→ **DATA PROVIDED**:
######

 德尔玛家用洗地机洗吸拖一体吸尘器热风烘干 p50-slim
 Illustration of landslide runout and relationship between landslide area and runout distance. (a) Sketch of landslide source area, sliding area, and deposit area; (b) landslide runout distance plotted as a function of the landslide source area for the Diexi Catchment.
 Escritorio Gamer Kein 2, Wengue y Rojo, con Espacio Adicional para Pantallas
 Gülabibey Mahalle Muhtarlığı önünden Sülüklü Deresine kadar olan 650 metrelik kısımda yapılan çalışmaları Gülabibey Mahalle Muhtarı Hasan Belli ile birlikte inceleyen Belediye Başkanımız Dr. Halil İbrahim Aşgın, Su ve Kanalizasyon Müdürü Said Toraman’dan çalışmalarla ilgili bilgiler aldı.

######

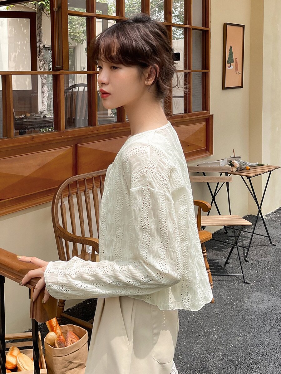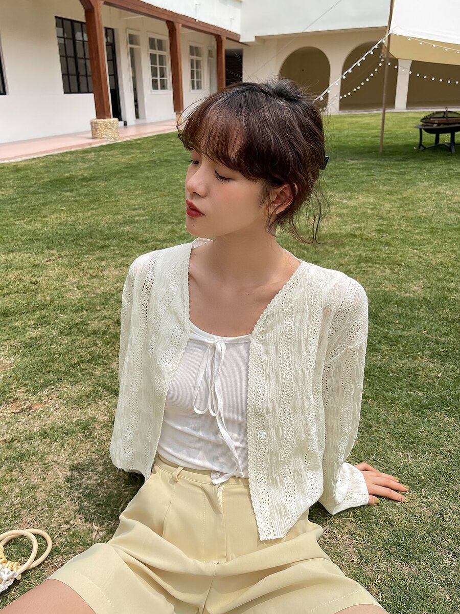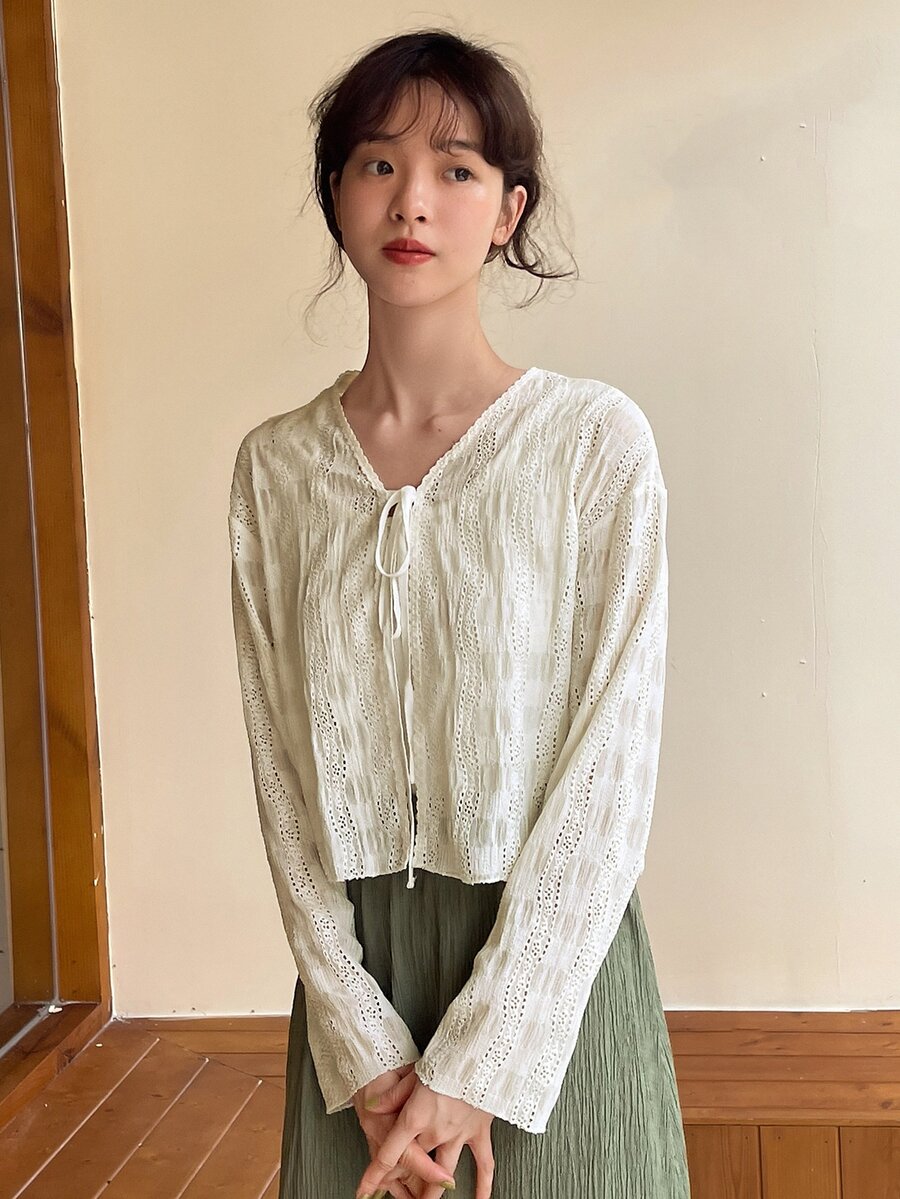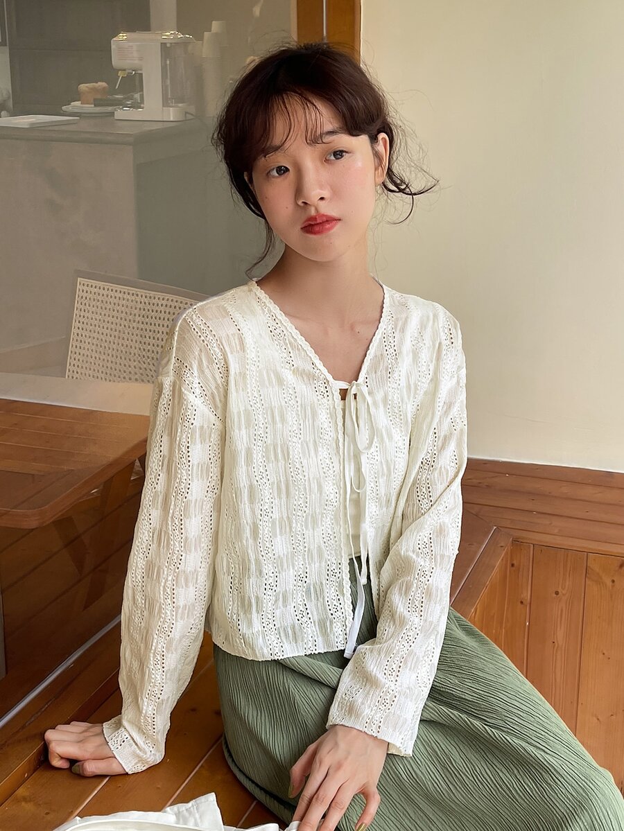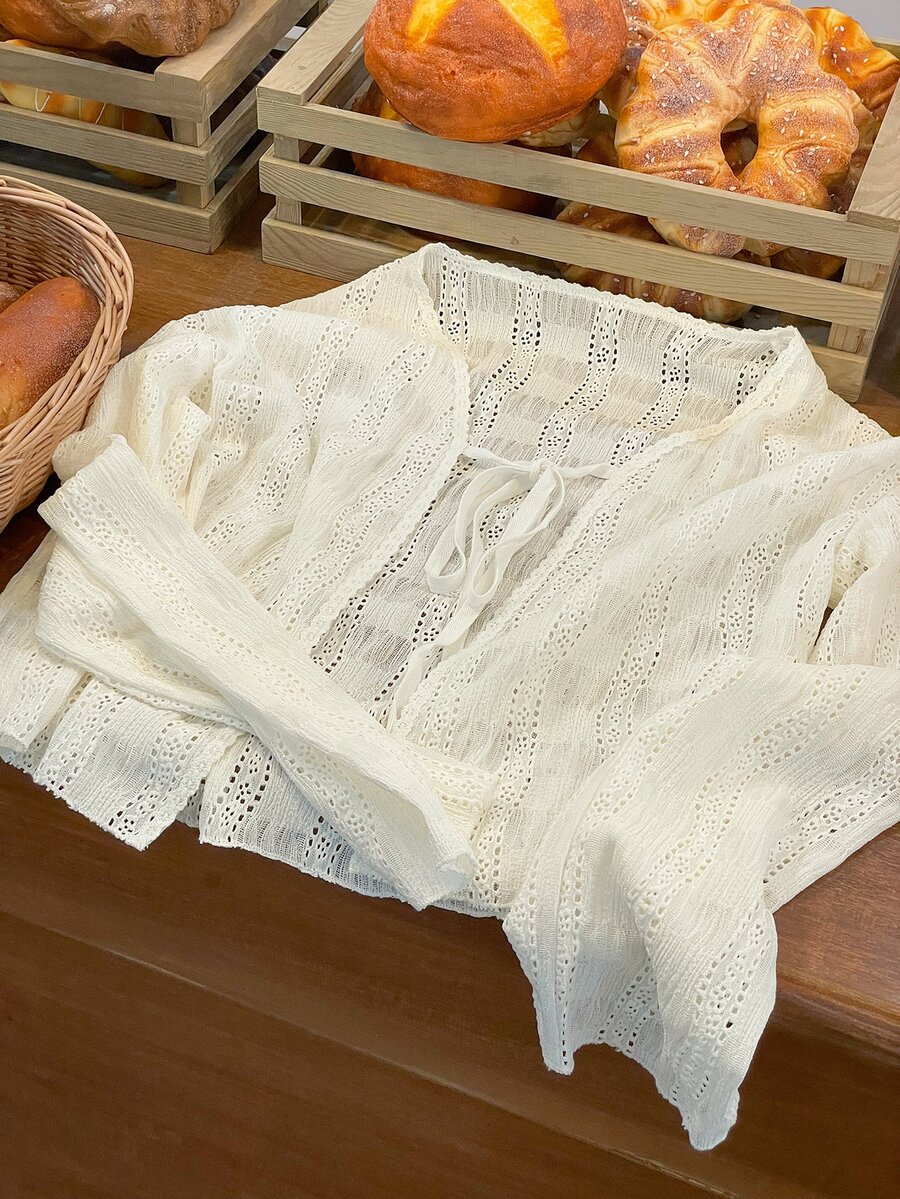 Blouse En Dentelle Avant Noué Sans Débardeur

######

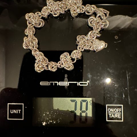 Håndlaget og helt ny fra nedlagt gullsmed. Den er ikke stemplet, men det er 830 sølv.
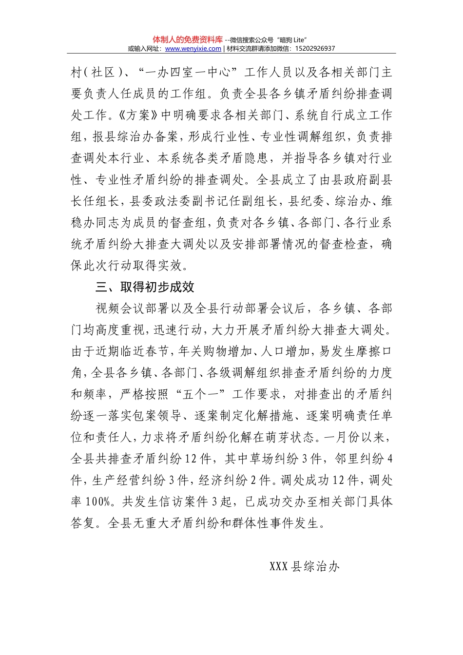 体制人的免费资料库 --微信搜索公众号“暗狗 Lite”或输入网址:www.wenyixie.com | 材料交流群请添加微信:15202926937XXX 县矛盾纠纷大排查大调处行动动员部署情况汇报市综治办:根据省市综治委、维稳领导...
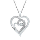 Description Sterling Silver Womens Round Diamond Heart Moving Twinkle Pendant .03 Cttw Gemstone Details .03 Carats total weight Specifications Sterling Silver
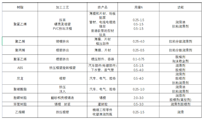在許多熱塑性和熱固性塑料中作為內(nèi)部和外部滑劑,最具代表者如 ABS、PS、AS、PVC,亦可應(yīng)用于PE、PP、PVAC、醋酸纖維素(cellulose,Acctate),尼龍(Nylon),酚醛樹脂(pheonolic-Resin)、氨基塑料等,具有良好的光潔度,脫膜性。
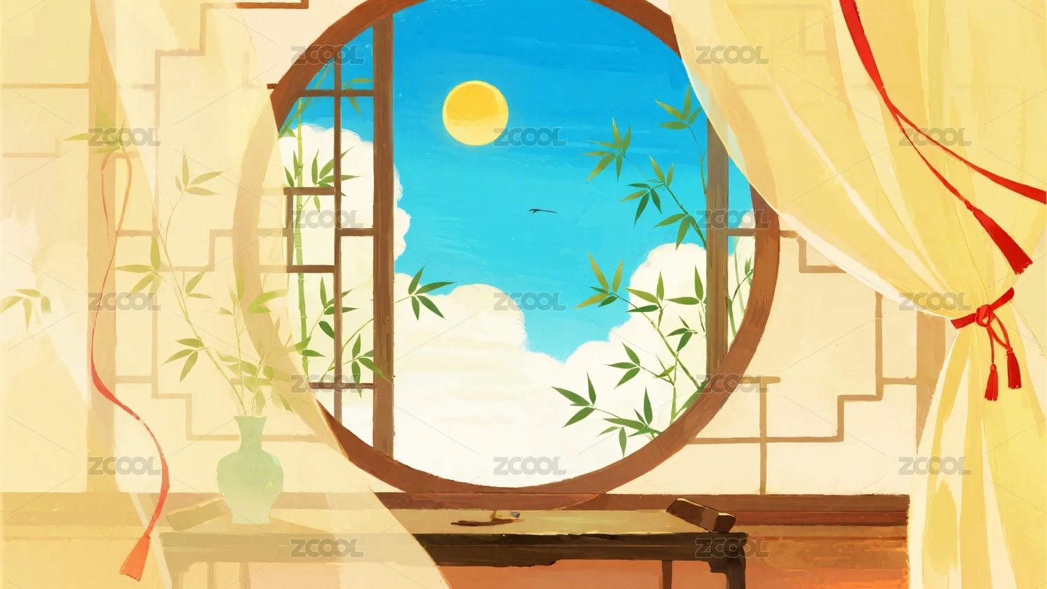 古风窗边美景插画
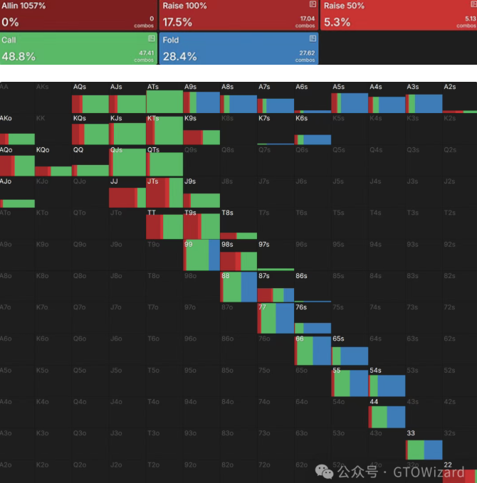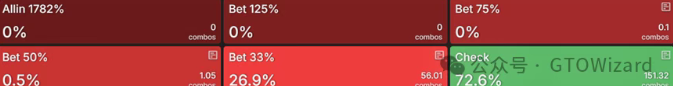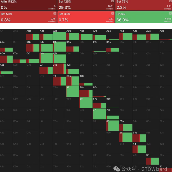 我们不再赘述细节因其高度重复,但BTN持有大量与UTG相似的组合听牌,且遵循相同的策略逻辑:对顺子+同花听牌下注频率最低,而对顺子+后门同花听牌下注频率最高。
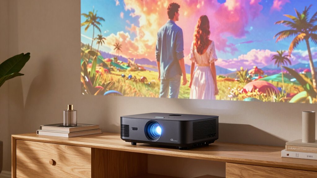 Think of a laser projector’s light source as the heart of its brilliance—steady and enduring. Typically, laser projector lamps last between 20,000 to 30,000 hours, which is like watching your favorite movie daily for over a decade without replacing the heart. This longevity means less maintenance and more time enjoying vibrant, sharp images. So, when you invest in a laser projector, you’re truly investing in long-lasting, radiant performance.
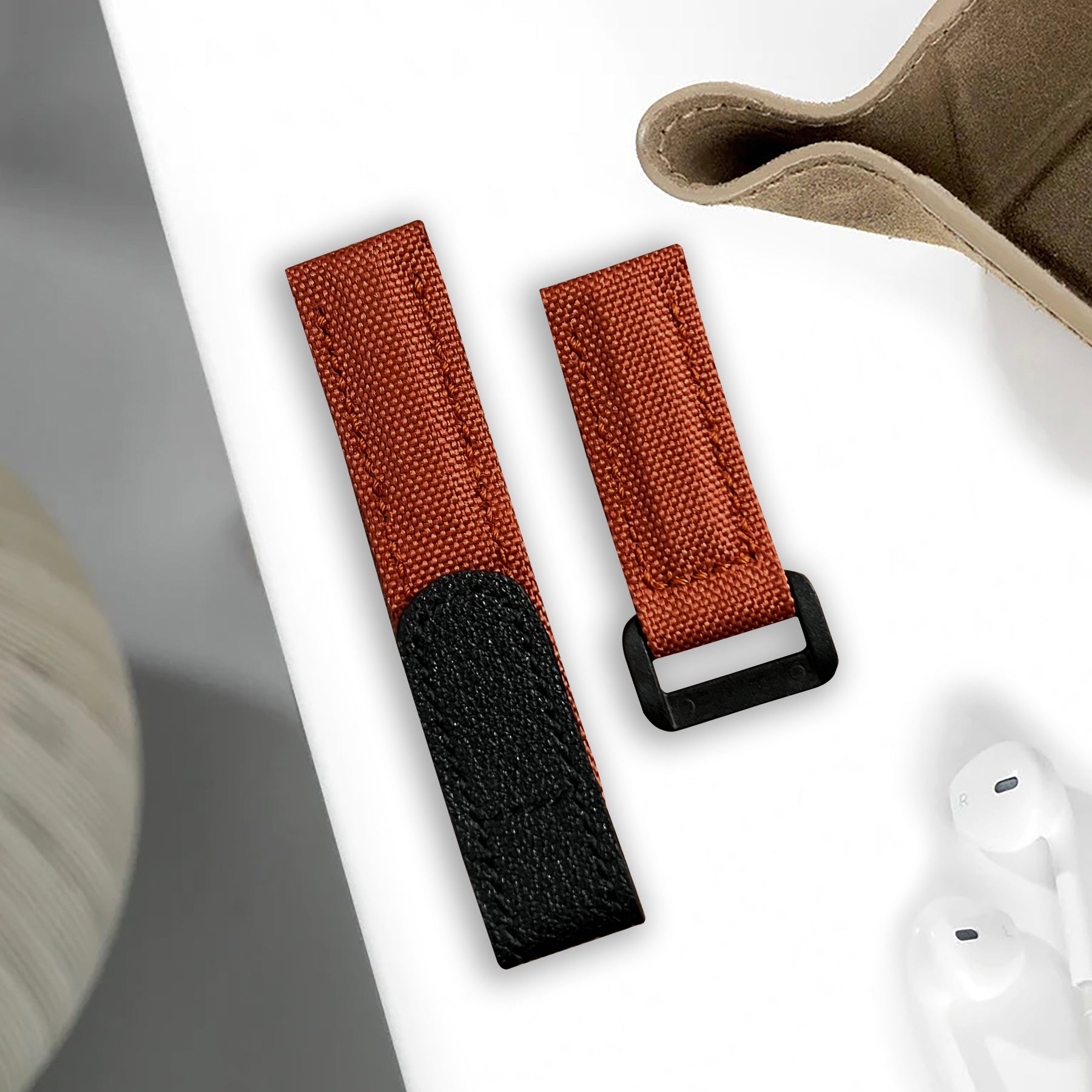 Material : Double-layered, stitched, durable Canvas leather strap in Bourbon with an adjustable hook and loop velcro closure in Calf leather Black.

######

→ **THE TASK**: The answer is the run of lines above from the line containing "德尔玛家用洗地机洗吸拖一体吸尘器热风烘干 p50-slim" through the line containing "Gülabibey Mahalle Muhtarlığı", copied exactly and alone.

→ **SOLUTION TO THIS EXERCISE**:
 德尔玛家用洗地机洗吸拖一体吸尘器热风烘干 p50-slim
 Illustration of landslide runout and relationship between landslide area and runout distance. (a) Sketch of landslide source area, sliding area, and deposit area; (b) landslide runout distance plotted as a function of the landslide source area for the Diexi Catchment.
 Escritorio Gamer Kein 2, Wengue y Rojo, con Espacio Adicional para Pantallas
 Gülabibey Mahalle Muhtarlığı önünden Sülüklü Deresine kadar olan 650 metrelik kısımda yapılan çalışmaları Gülabibey Mahalle Muhtarı Hasan Belli ile birlikte inceleyen Belediye Başkanımız Dr. Halil İbrahim Aşgın, Su ve Kanalizasyon Müdürü Said Toraman’dan çalışmalarla ilgili bilgiler aldı.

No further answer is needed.